Data this morning
revealed that UK retail sales grew by a whopping 2.1% in February, which is an
excellent result, particularly given the dire economic figures that have surfaced over Q1. This is the biggest monthly increase in three full years. Clearly
plenty of this can be attributed to a natural recovery from a fairly empty high
street in January as a result of the snowy weather. However, the strong showing
can’t be entirely attributed to a bounce back and driving the growth in particular was strong demand
for computer tablets, sporting goods and jewellery.

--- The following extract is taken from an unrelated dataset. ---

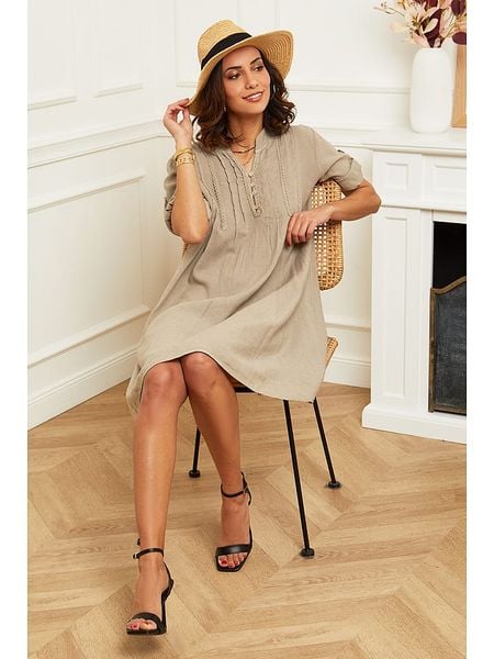 sukienki bez kołnierzyka brązowe sukienki odzież, obuwie, dodatki damskie limango.pl sukienki le monde du lin sukienki midi sukienki ze stójką odzież, obuwie, dodatki damskie le monde du lin sukienki bez rękawów sukienki ze sklepu limango.pl szare sukienki

We can expect an overall improvement in UK retail sales over
Q1 as a whole, which should enable the UK to avoid the dreaded triple-dip
recession when the GDP data is released on April 25. In turn, this may well ensure that Mervyn
King, Paul Fisher and David Miles remain the three doves voting in favour of QE
at next month’s MPC meeting. That certainly doesn’t mean more won’t be
convinced by May, which is an important Inflation Report month.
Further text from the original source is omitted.